■ **Your goal**
Write out the listing below in its entirety, minus the pictures, without changing a word.

■ **Available data**

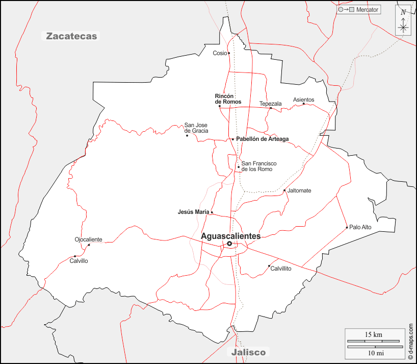 d-maps > 美洲 > 墨西哥 > 阿瓜斯卡連特斯州 > 边界, 主要城市, 道路, 名称
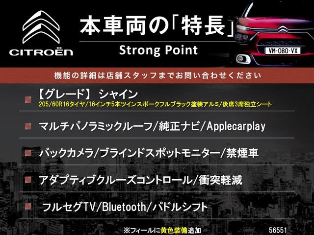 シトロエン ベルランゴシャイン マルチパノラミックルーフ 純正ナビ アップルカープレイ アダプティブクルーズコントロール ブラインドスポットモニター フルセグTV Bluetooth再生 バックカメラ 禁煙車 純正16インチアルミ
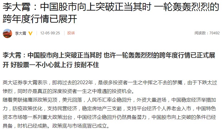 今天早上,財經網紅李大霄發文稱,中國股市向上突破正當其時,一輪轟轟烈烈跨年度行情或已展開。
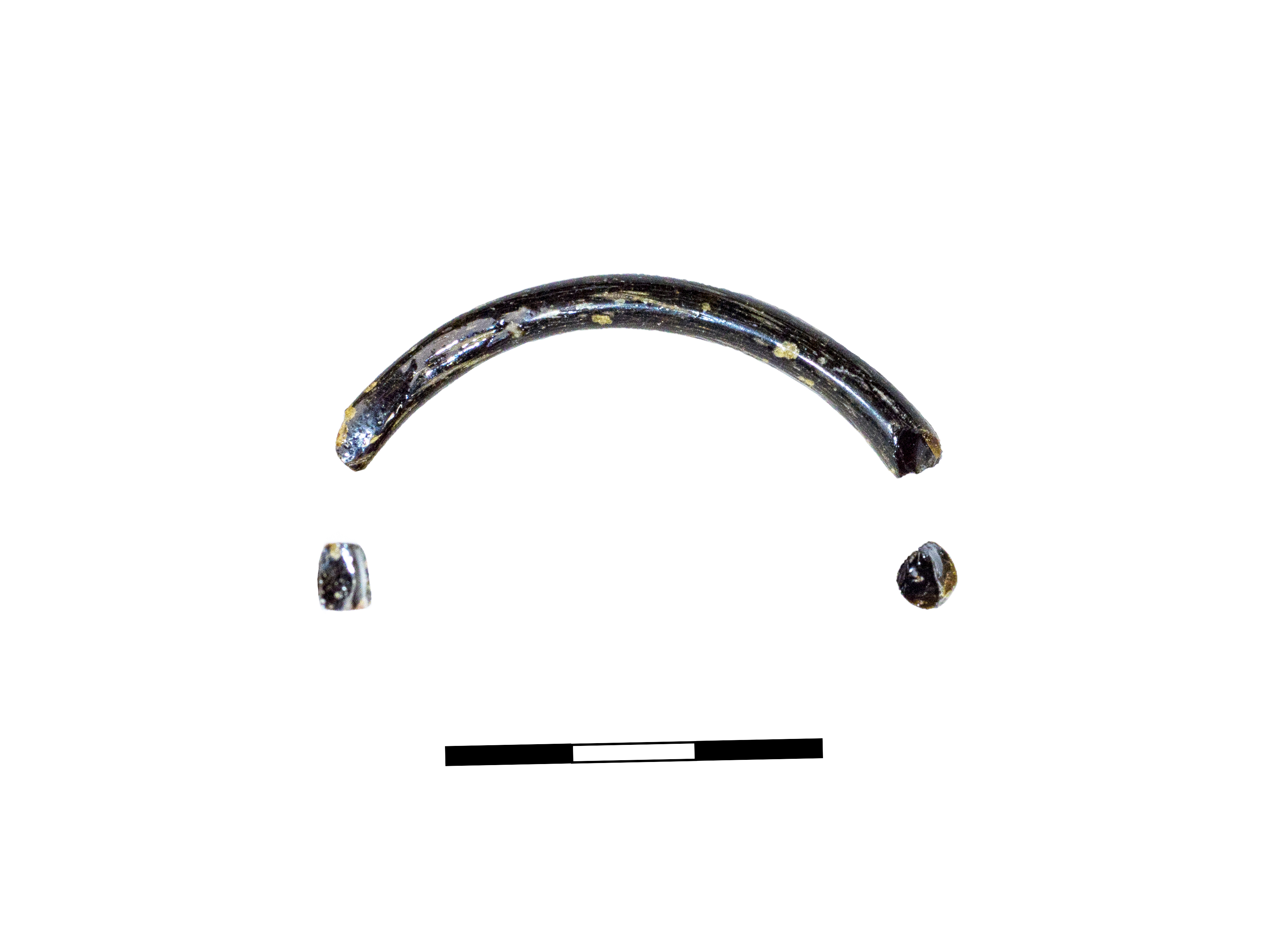 Браслет крученый ребристый из стекла оливкового цвета. Сечение в форме розетки. Диаметр обруча 6 см. Изготовлен вытягиванием дрота с одновременным кручением и дальнейшим формованием в кольцо. Поверхность патинирована.

■ **Solution for this task**
 d-maps > 美洲 > 墨西哥 > 阿瓜斯卡連特斯州 > 边界, 主要城市, 道路, 名称
 シトロエン ベルランゴシャイン マルチパノラミックルーフ 純正ナビ アップルカープレイ アダプティブクルーズコントロール ブラインドスポットモニター フルセグTV Bluetooth再生 バックカメラ 禁煙車 純正16インチアルミ
 今天早上,財經網紅李大霄發文稱,中國股市向上突破正當其時,一輪轟轟烈烈跨年度行情或已展開。
 Браслет крученый ребристый из стекла оливкового цвета. Сечение в форме розетки. Диаметр обруча 6 см. Изготовлен вытягиванием дрота с одновременным кручением и дальнейшим формованием в кольцо. Поверхность патинирована.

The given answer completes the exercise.